Exercise:
Word for word, restate the entries below and exclude every image.

** Listed entries follows **

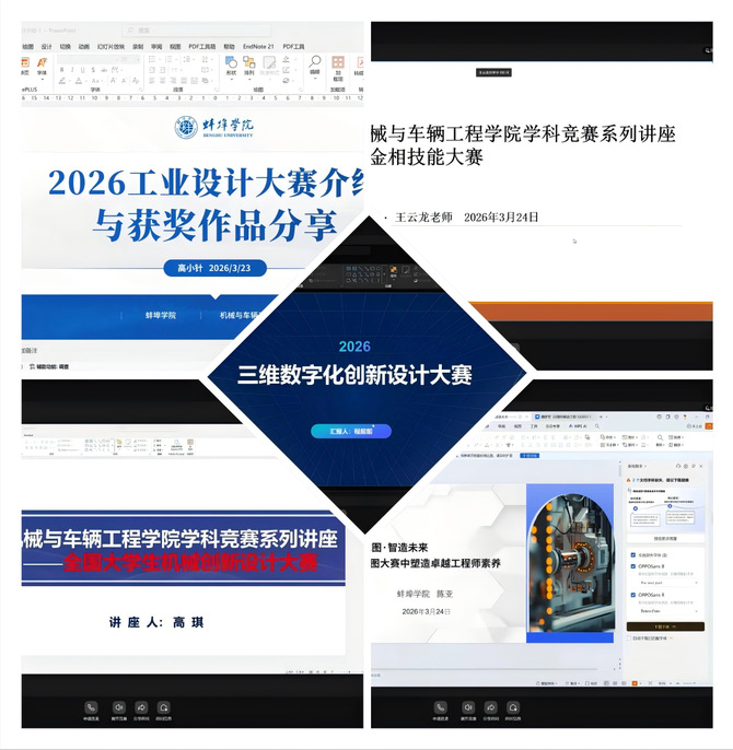 为进一步提升学生学科竞赛能力,夯实专业基础,助力学生在各类学科竞赛中脱颖而出,3月23日起,机械与车辆工程学院精心组织开展为期五天的学科竞赛备赛培训周活动。本次培训采用线上形式,覆盖全体大一大二学生,围绕五大核心学科竞赛,全方位、多角度为学生提供备赛指导,为学生搭建起“以赛促学、以赛促练”的成长平台。
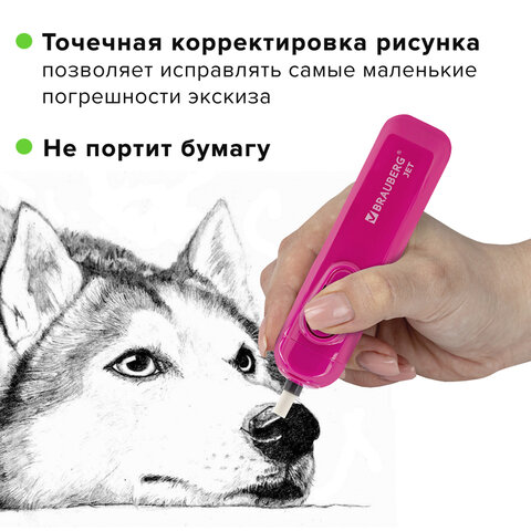 Электрический ластик BRAUBERG "JET" идеален для корректировки чертежа, эскиза или скетча без каких-либо усилий, не причиняет вреда бумаге.
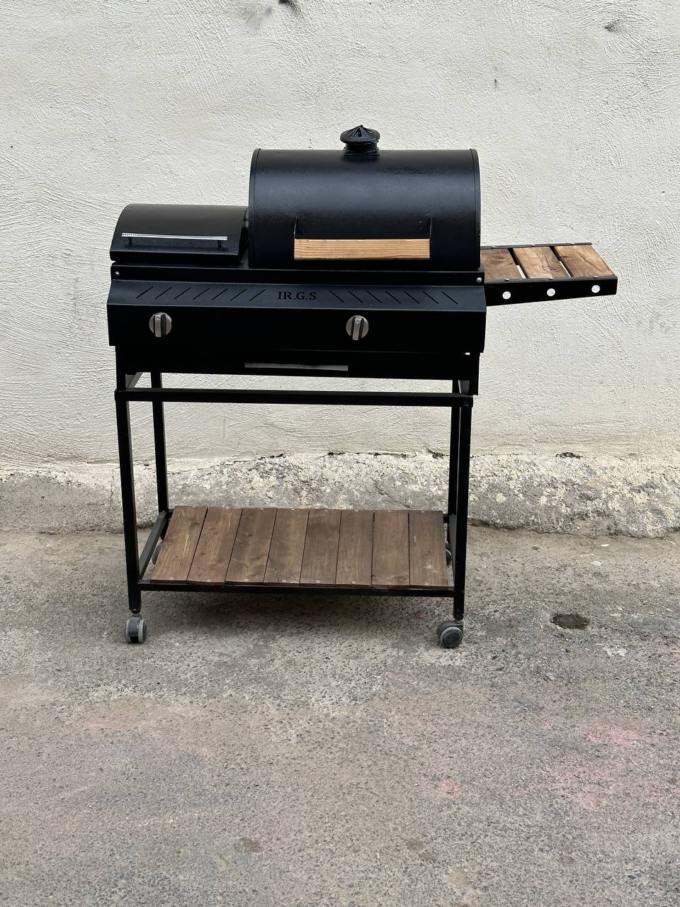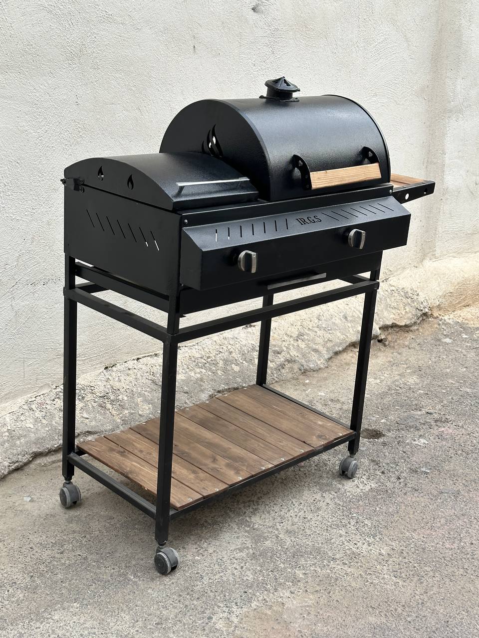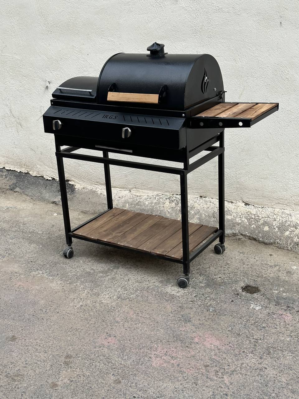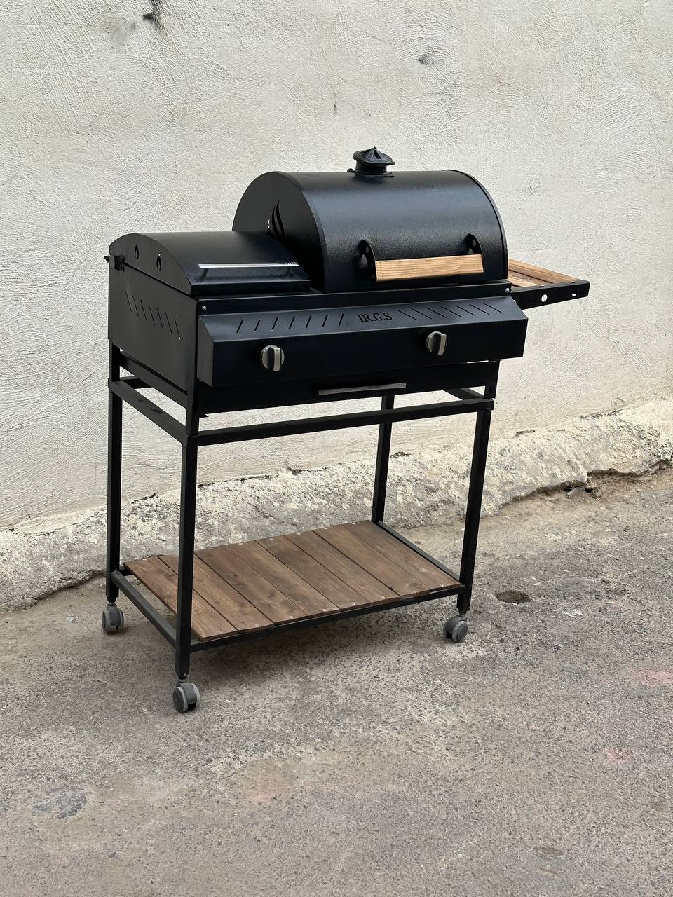 باربیکیو دوگانه گازی زغالی اجاق کنار 80 سانتی 7 شعله دهنه 35 سانتی دارای میز کنار توری گریل و استیک 4 چرخ کباب پز دومنظوره گازی زغالی باربیکیومحمد
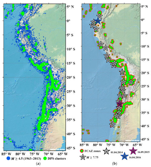 - Gvishiani, A.D.; Zhidkov, M.P.; Soloviev, A.A. Recognition of strong-earthquake-prone areas: X. M 7.75 earthquake prone areas on the Pacific Coast of South America. In Mathematical Models of the Structure of the Earth and the Earthquake Prediction, 14 of Computational Seismology; Keilis-Borok, V.I., Ed.; Allerton: New York, NY, USA, 1983; pp. 56–68. [Google Scholar]
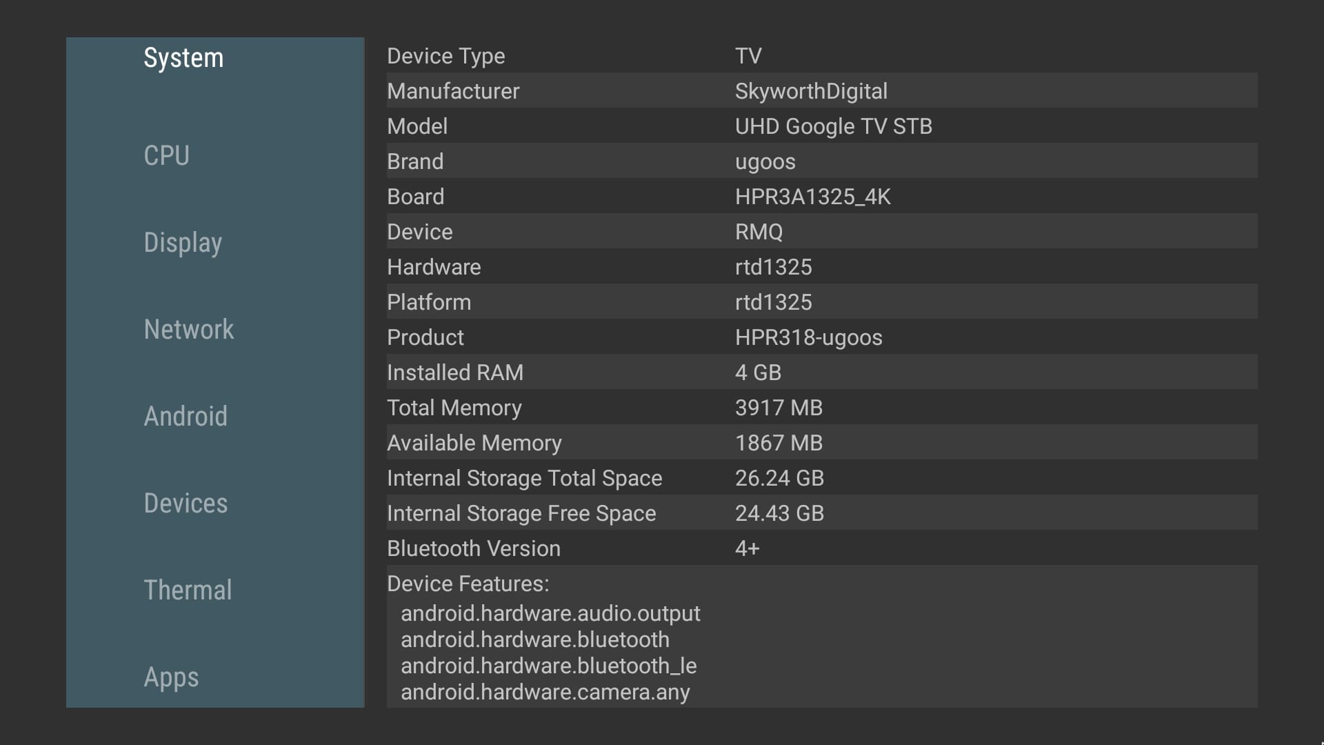 As previously mentioned, the SK2 device is categorized as a lower to mid-range device, powered by a Realtek RTD1325 quad-core ARM Cortex-A5 processor with a maximum clock speed of 800MHz up to 1.7 GHz, which is relatively modest. The CPU specifications suggest that it may not be the best option for managing resource-heavy Android gaming and graphics, due to the constraints of its processor.
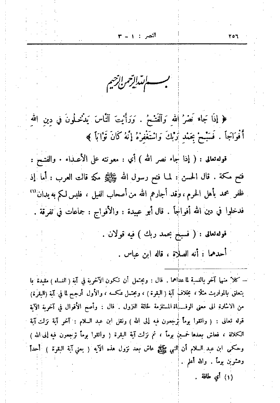 قوله تعالى إذا جاء نصر الله أي معونته على الأعداء والفتح فتح مكة قال الحسن لما فتح رسول الله صلى الله عليه و سلم مكة قالت العرب أما إذ ظفر محمد بأهل الحرم وقد أجارهم الله من أصحاب الفيل فليس لكم به يدان فدخلوا في دين الله أفواجا قال أبو عبيدة والأفواج جماعات في تفرقة
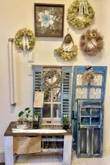 ミニサインボードを飾る場所が欲しく、いろいろ考えた末🤔この、玄関横の昭和レトロな窓がギャラリーにならないかと😁🎶1×4でフレームを作りました😊💕上段と下段ね高さが違うのは、上段部分は端材を使ったため、それに合わせて採寸📏使った塗料は『私の好きな塗料』で紹介した、クロッカーズのウォルナット❤️ミニサイ

** End of Listed entries **

Answer box:
 为进一步提升学生学科竞赛能力,夯实专业基础,助力学生在各类学科竞赛中脱颖而出,3月23日起,机械与车辆工程学院精心组织开展为期五天的学科竞赛备赛培训周活动。本次培训采用线上形式,覆盖全体大一大二学生,围绕五大核心学科竞赛,全方位、多角度为学生提供备赛指导,为学生搭建起“以赛促学、以赛促练”的成长平台。
 Электрический ластик BRAUBERG "JET" идеален для корректировки чертежа, эскиза или скетча без каких-либо усилий, не причиняет вреда бумаге.
 باربیکیو دوگانه گازی زغالی اجاق کنار 80 سانتی 7 شعله دهنه 35 سانتی دارای میز کنار توری گریل و استیک 4 چرخ کباب پز دومنظوره گازی زغالی باربیکیومحمد
 - Gvishiani, A.D.; Zhidkov, M.P.; Soloviev, A.A. Recognition of strong-earthquake-prone areas: X. M 7.75 earthquake prone areas on the Pacific Coast of South America. In Mathematical Models of the Structure of the Earth and the Earthquake Prediction, 14 of Computational Seismology; Keilis-Borok, V.I., Ed.; Allerton: New York, NY, USA, 1983; pp. 56–68. [Google Scholar]
 As previously mentioned, the SK2 device is categorized as a lower to mid-range device, powered by a Realtek RTD1325 quad-core ARM Cortex-A5 processor with a maximum clock speed of 800MHz up to 1.7 GHz, which is relatively modest. The CPU specifications suggest that it may not be the best option for managing resource-heavy Android gaming and graphics, due to the constraints of its processor.
 قوله تعالى إذا جاء نصر الله أي معونته على الأعداء والفتح فتح مكة قال الحسن لما فتح رسول الله صلى الله عليه و سلم مكة قالت العرب أما إذ ظفر محمد بأهل الحرم وقد أجارهم الله من أصحاب الفيل فليس لكم به يدان فدخلوا في دين الله أفواجا قال أبو عبيدة والأفواج جماعات في تفرقة
 ミニサインボードを飾る場所が欲しく、いろいろ考えた末🤔この、玄関横の昭和レトロな窓がギャラリーにならないかと😁🎶1×4でフレームを作りました😊💕上段と下段ね高さが違うのは、上段部分は端材を使ったため、それに合わせて採寸📏使った塗料は『私の好きな塗料』で紹介した、クロッカーズのウォルナット❤️ミニサイ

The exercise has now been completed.